Отец мой любил яичницу-глазунью и картошку, крупно нарезанную, зажаренную на сале, со шкварками. Целыми сковородами наворачивал, и этот крестьянский стол никогда ему не надоедал. У матери не было много хлопот на кухне. Ещё мой отец любил рыбу, особенно селёдку. Мать, наоборот, ничего рыбного в рот не брала. От селёдки её трясло. Тут у них были серьёзные разногласия и доходило до ссор.
Ездили на служебной отцовской машине в районный город Барановичи, там на базаре купили подушку и шубу.
Отец мой сильно пил, море было ему по колено. Брёл мой отец вброд через великие пьяные воды, через океаны водки, потупясь, свесив хмельную лобастую голову, а из двух его налитых доверху глаз-стаканов текли горькие ручьи чистого неразбавленного спирта. «За тех, кто в море» — был любимый отцовский тост. Без обмана, как в басне Эзопа, он то море мог бы один и высосать ненасытными толстыми губами, держа безбрежную амфору крепко за уши. Выдул бы за милую душу — с моряками, с китами, с флотами всех стран.

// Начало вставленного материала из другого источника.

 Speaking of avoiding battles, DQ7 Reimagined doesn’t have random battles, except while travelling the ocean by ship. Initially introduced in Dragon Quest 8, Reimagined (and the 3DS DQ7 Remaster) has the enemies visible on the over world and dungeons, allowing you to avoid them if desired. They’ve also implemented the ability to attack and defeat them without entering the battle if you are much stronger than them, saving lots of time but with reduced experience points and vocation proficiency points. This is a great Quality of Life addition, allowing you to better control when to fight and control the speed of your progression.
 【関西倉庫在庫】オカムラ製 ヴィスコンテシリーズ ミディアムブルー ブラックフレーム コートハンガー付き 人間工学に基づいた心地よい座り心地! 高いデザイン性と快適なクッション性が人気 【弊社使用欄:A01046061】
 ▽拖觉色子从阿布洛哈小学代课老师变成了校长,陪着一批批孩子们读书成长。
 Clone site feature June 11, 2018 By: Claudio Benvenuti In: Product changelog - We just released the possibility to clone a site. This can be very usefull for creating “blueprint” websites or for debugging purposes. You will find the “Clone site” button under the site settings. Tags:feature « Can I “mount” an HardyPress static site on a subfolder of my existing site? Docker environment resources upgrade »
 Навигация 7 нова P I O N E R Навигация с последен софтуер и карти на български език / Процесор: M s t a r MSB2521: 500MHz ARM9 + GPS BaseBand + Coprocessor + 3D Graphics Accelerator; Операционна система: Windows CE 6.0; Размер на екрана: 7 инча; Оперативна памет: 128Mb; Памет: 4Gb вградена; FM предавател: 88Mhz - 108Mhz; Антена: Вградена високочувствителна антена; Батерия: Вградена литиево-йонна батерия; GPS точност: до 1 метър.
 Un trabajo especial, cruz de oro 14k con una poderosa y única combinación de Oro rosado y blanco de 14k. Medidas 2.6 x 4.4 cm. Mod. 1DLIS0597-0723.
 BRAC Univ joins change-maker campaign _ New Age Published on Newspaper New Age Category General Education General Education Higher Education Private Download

Осушил бы до дна, не поморщась, губы рукавом кителя вытер бы и пошел всхрапнуть часок-другой где-нибудь в укромном уголке. «Счастливая ты, Мария, — говорили моей матери, завидуя, замужние белоруски в деревне. — Какой у тебя супруг, благоверный твой, покладистый да спокойный, никогда не буянит. Выпьет чарочку и тихо спать завалится».

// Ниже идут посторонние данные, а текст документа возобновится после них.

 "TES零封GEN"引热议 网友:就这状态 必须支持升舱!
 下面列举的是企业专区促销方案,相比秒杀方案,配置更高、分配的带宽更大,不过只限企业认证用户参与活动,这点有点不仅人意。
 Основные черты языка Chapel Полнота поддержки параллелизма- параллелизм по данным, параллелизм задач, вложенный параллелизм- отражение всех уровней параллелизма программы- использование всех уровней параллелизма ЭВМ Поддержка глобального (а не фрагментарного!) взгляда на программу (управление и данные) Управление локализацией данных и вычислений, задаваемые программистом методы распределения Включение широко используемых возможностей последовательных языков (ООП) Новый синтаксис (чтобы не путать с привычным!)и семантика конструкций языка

У отца была ещё поговорка такая: «жениться — так на английской королеве, пить — так до гроба». Мать моя к короне британских островов не тянулась, не имея на это никаких прав. Дочь пахаря-псковича, требовала напрямик, в глаза резала: чтобы муж прекратил своё неумеренное пьянство и дал зарок если не перед иконой, то перед портретом великого вождя Сталина. Утром, жадно выпив кружку сырой воды, отец клялся капли в рот не брать и уходил командовать своими шоферами, трезвый, как колеса его двухсот машин в подчинённой ему автоколонне. А вечером возвращался при поддержке водителя его служебного газика, опять навеселе, расплываясь в пьяной виноватой улыбке и прося прощения. Хорош. Тёпленький. Только могила его исправит.